Ewa Minor jest psychologiem, a jej mąż Marcin świetnym ilustratorem. Wspólnie stworzyli trzy historie, które złożyły się na przepiękną książkę zatytułowaną tak, jak nazywa się kraina, w której mieszkają jej bohaterowie – Tutaje. Trzy opowiastki, z których każda podzielona jest na kilka rozdziałów, pozwalają dziecku nazwać pewne emocje i zrozumieć wiele zaobserwowanych sytuacji. Dzieci są świetnymi obserwatorami – często zaskakują mnie swoimi spostrzeżeniami i uwagami na tematy, które (przynajmniej teoretycznie) powinny być im obce. Autorzy poruszają trzy niezwykle ważne kwestie, obierając sobie za bohaterów zwierzątka: myszki, wiewiórki, ropuchy czy jeże. Personifikacja tych leśnych stworzeń jeszcze bardziej przybliża małych czytelników (lub słuchaczy) do opowiadanych historii. Z każdej z nich płynie pozytywny morał, który może stanowić punkt wyjścia do rozmów o strachu przed przeprowadzką i nowym, nieznanym miejscem, o tym, że nie warto gniewać się na najbliższych i wypowiedziane w złości słowa można i należy cofnąć. Mogą to być również rozmowy o braterskiej miłości, tęsknocie i braku pewności siebie. Znajdziemy tutaj także motyw przyjaźni i chęci niesienia pomocy, gdy ktoś tego potrzebuje.

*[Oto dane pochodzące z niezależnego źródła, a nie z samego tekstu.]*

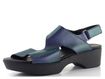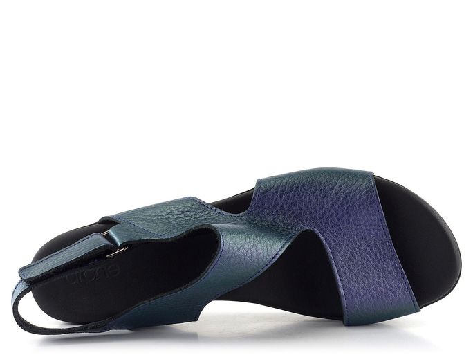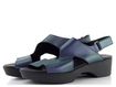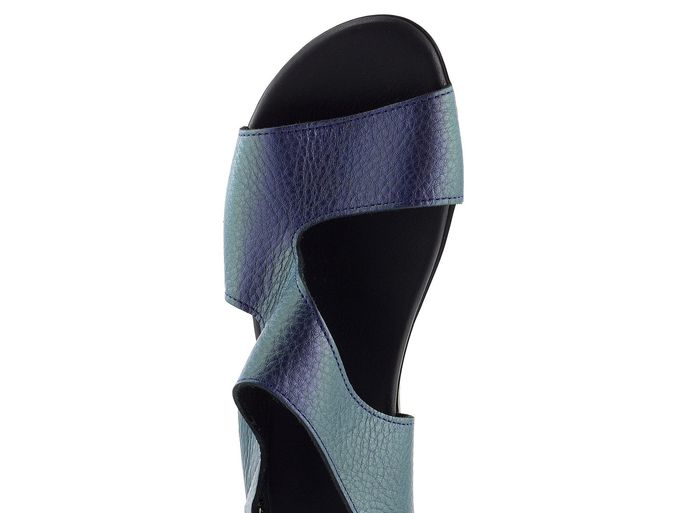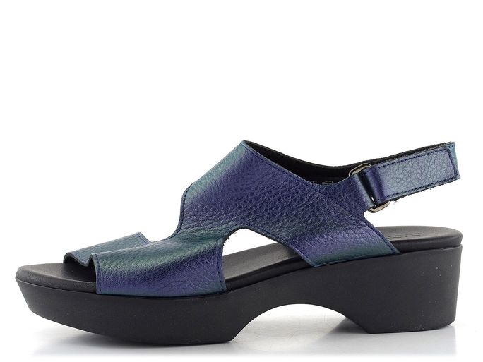 Dámské sandálky z fialové metalické kůže, s upínáním na suchý zip a vyšší platformou.

Uważam, że wartościowe przesłania w książkach dla dzieci to zawsze świetna sprawa, jednak Tutaje zawierają pewną wartość dodaną – przepiękne ilustracje. Nie ukrywam, że mam słabość do kreski Marcina Minora i już po Gwiazdce z nieba, którą w całości opatrzył cudownymi rysunkami, jestem przygotowana na zakup każdej książki, w której macza swoje palce. Przepiękne wydanie Tutajów, które rzuca się w oczy i robi ogromne wrażenie, idealnie nada się na prezent dla dziecka trzy-, cztero-, pięcio- i sześcioletniego. Zauroczy zarówno pociechy, jak i rodziców.